Estádio Vail Chaves
- Interactive map of Estádio Vail Chaves
- Full name: Estádio Vail Chaves
- Former names: Estádio Romildo Vitor Gomes Ferreira Estádio Papa João Paulo II Estádio Wilson Fernandes de Barros Estádio Vail Chaves
- Location: Mogi Mirim, São Paulo Brazil
- Owner: Mogi Mirim Esporte Clube
- Capacity: 19,900
- Surface: Natural grass
- Field size: 105 by 68 metres (114.8 yd × 74.4 yd)

Construction
- Built: 1991
- Opened: July 7, 1991

Tenant
- Mogi Mirim Esporte Clube

= Estádio Vail Chaves =

Estádio Vail Chaves, is a multi-purpose stadium in Mogi-Mirim, São Paulo, Brazil. It is currently used mostly for football matches.
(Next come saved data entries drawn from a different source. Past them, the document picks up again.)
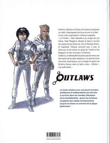 Kristina, Zachary et Olmay ont réussi à organiser un trafic d'aérospeed de luxe et sont à la tête d'une vraie organisation mafieuse appelée "Le Trident". Bien décidés à se venger de nos héros, Dadi Reggioni, Bardal et Aduz n'auront de cesse de les retrouver. Sur la Planète Drenn, la Capitaine Tetrana remonte peu à peu la piste qui va les mener au gang du Trident et de Reggioni et ses nouveaux complices. Caleb lui, ne désespère toujours pas de retrouver les traces de sa soeur disparue. Un dernier tome conclusif, dramatique, qui va forger le destin de Kristina Swany dans la série mère "Orbital". Les prémisses... La seule solution pour une jeune humaine ambitieuse et indépendante qui cherche à survivre dans les mondes interlopes de la Confédération : gravir les échelons sanglants des mafias extraterrestres jusqu'à se hisser au sommet de la pègre galactique !
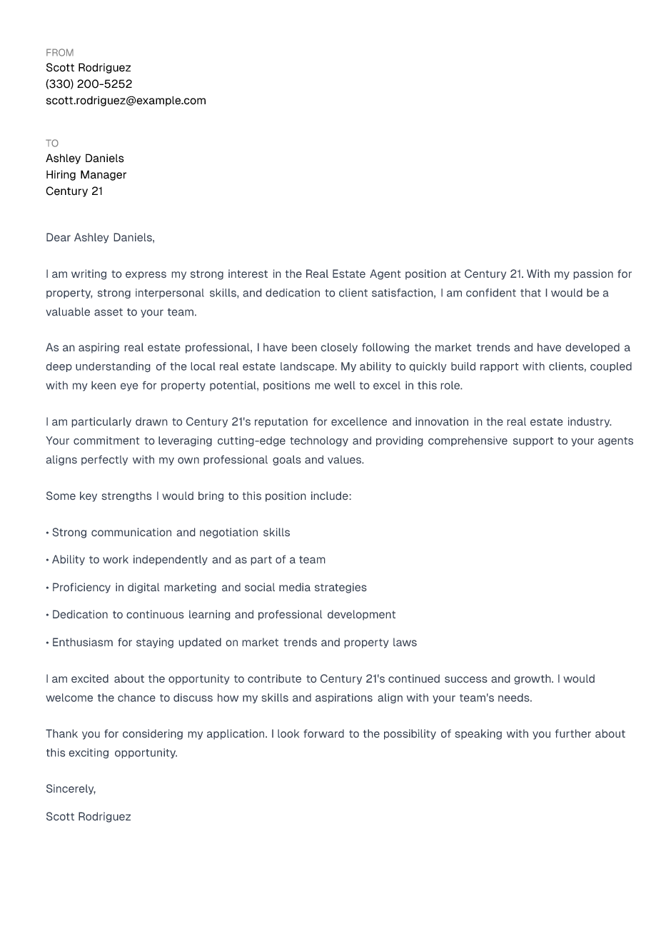 I am writing to express my strong interest in the Real Estate Agent position at Century 21. With my passion for property, strong interpersonal skills, and dedication to client satisfaction, I am confident that I would be a valuable asset to your team.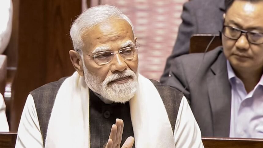 PM Narendra Modi replies to the Motion of Thanks to the President’s address in the Rajya Sabha during the Budget session of Parliament, in New Delhi on February 5, 2026. (Image: Sansad TV/PTI)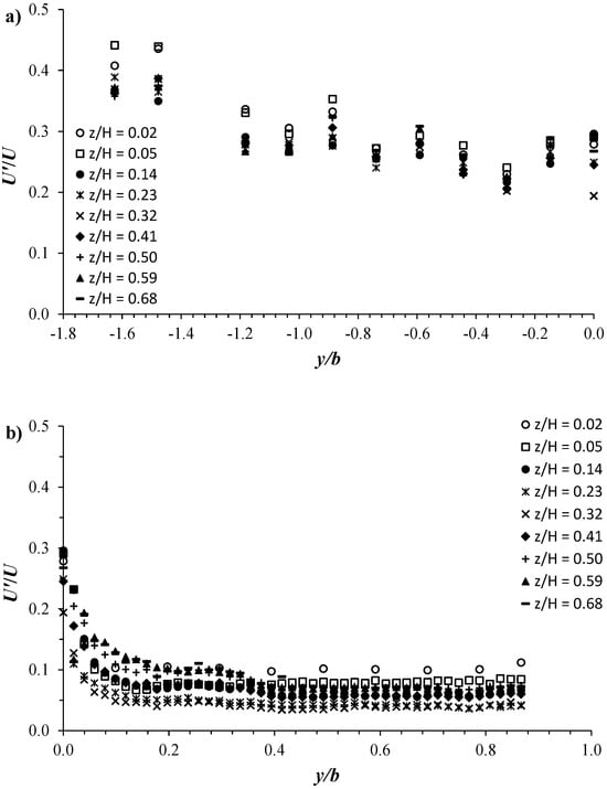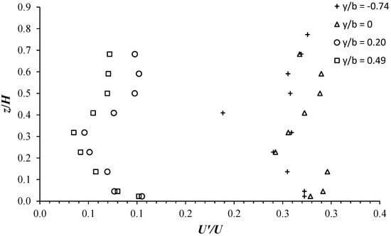 To better understand and predict the impact of vegetation on the flow properties, in Figure 10, we plot the streamwise relative-turbulence intensity U′/U versus the transversal coordinate y/b at various vertical positions z/H for the C1H22 configuration. Herein, U′ (=⟨u′2⟩1/2) is the root mean square of the streamwise velocity fluctuations, u′ is the instantaneous velocity fluctuation, and the bracket indicates the time average. Figure 10a highlights that within the vegetation canopies, U′/U randomly varies with the variation of y/b between values of order 0.2 and 0.45. U′/U shows maximum values further inside the vegetation area at y/b = −1.8 and −1.6, resulting in an almost decreasing trend going towards the interface. From a value of O(0.3) at the interface (y/b = 0), Figure 10b shows that U′/U undergoes a sharp decrease of almost 50% only up to y/b = 0.06. From y/b = 0.06, U′/U decreases monotonically in the shear layer until almost y/b = 0.40. In the free-stream zone, for each vertical position z/H, U′/U shows the smallest intensities which remain almost constant as y/b varies. In the unvegetated area, Figure 10b depicts that U′/U is maximum near the channel bottom (z/H = 0.02), resulting in a decreasing trend with the increase in z/H up to 0.32 and then, an increasing tendency going towards the free-surface flow. This is clearly shown in Figure 11 by the vertical U′/U profiles at y/b = 0.20 and 0.49. In both the shear layer and free-stream zones, the vertical distribution of turbulence U′/U is similar to that obtained in smooth and rough bare channels [27,28]. Figure 11 also highlights, as indicated by the profiles at y/b = −0.74 and 0, the significant effect of cylinder arrays in inducing a further flow perturbation that increases the intensity of turbulence, enhancing mixing and diffusion processes within the vegetated area [18].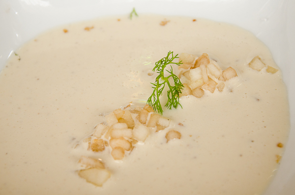 A la hora de comer estuvimos en el Restaurante La Sarga de Cazorla, pero antes de la comida su propietario y cocinero José Lorente nos explicó, en las instalaciones que tienen habilitadas para eventos, como se realizaba el ajoblanco de piñones con una emulsión de AOVE de la variedad Royal, uno de los platos que posteriormente degustamos, junto a una brunoise de pera, sémola de piñón y brotes tiernos de hinojo. En este vídeo que he montado se puede ver como se prepara.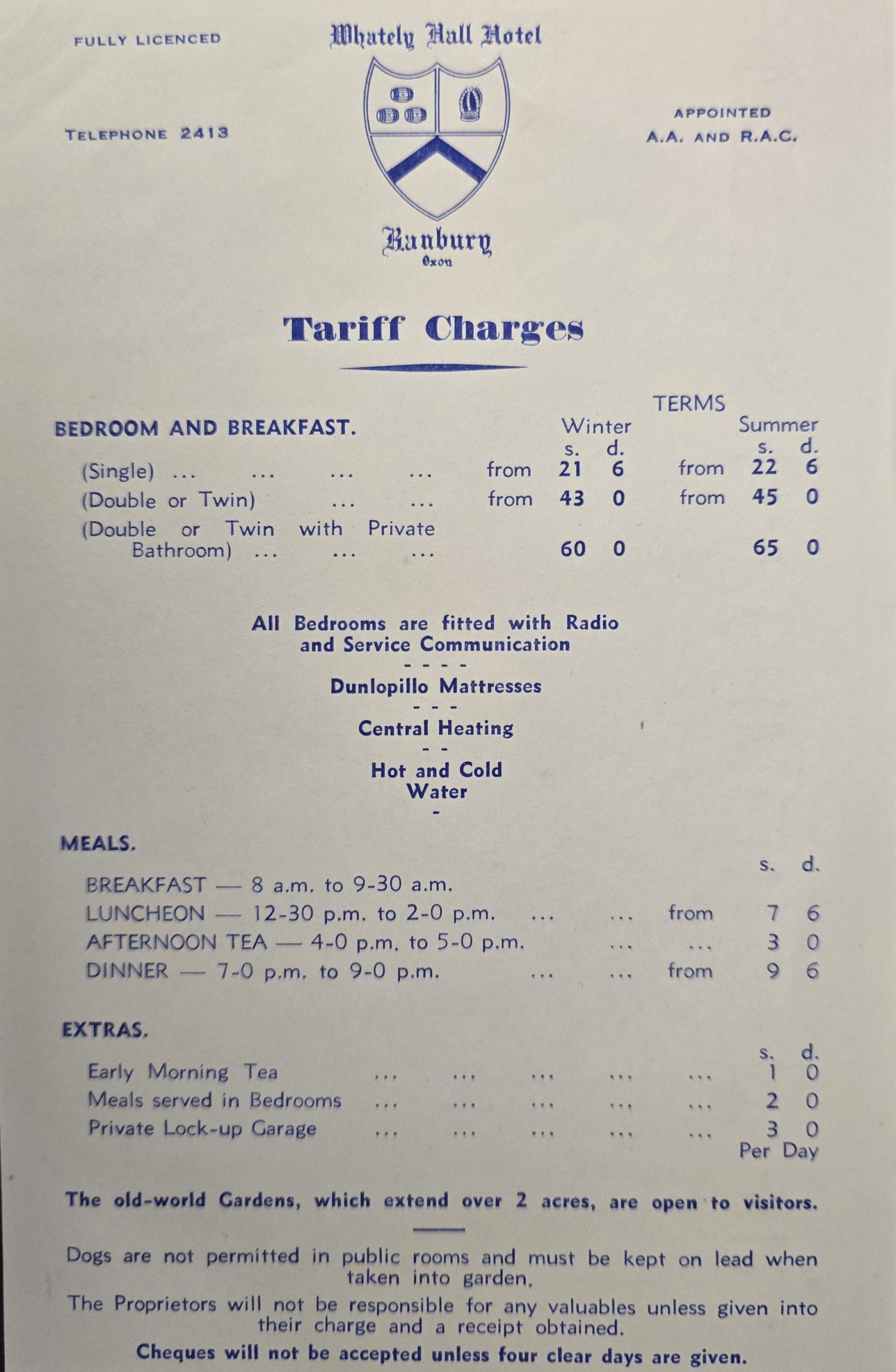 A local hostelry owner, Charles Stokes, built the original structure that is now the main part of the Whately Hall Hotel in the mid-17th Century. It was originally called ‘The Three Tuns Inn’ and its licence is on record from 1677.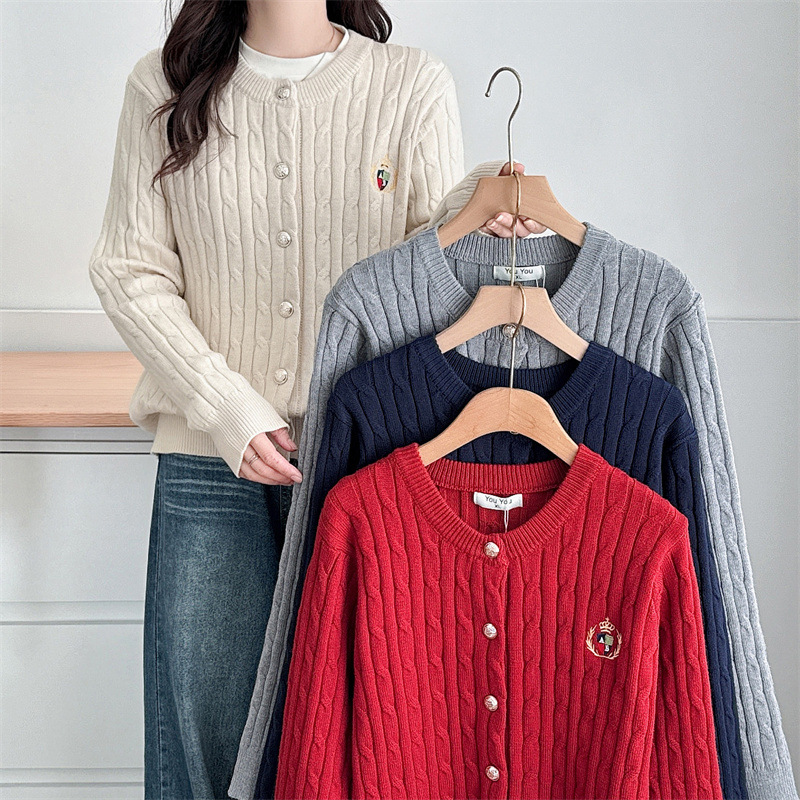 2024秋麻花セーターコート大サイズ女装刺繍長袖気質丸襟太った妹ニットカーディガン4068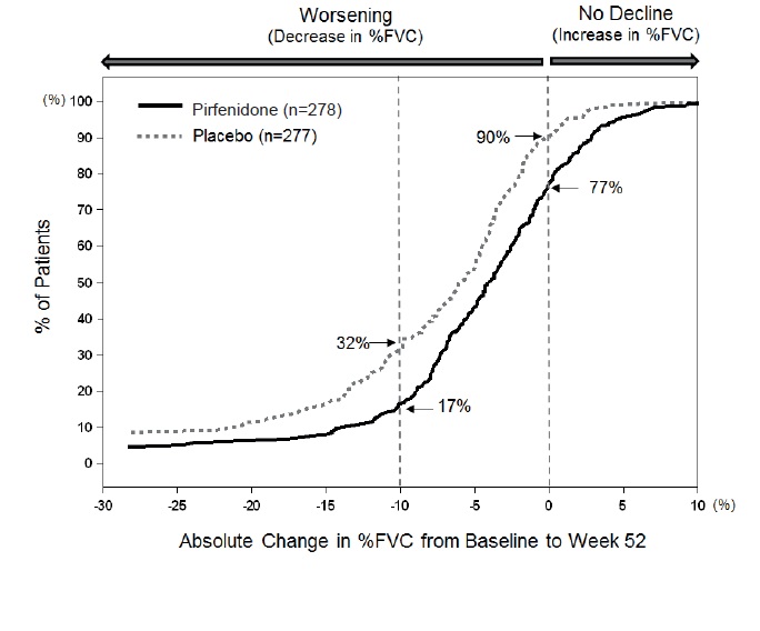 Figure 1 presents the cumulative distribution for all cut-offs for the change from baseline in %FVC at Week 52 for Study 1. For all categorical declines in lung function, the proportion of patients declining was lower on pirfenidone than on placebo. Study 2 showed similar results.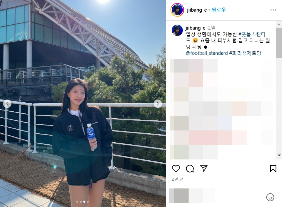 일상 생활에서도 가능한 풋볼스탠다드 😖 요즘 내 피부처럼 입고 다니는 퀄팅 패딩 ☻ 파리생제르망

The stadium has a capacity of 19,900 people.

Estádio Vail chaves is owned by Mogi Mirim Esporte Clube.

==History==
In 1991, the works on the stadium were completed. It was named Estádio Wilson Fernandes de Barros, after a Mogi Mirim Esporte Clube's president, and city's mayor. The inaugural match was played on July 7 of that year, when Mogi Mirim beat Palmeiras 4–2. The first goal of the stadium was scored by Mogi Mirim's Demetrius.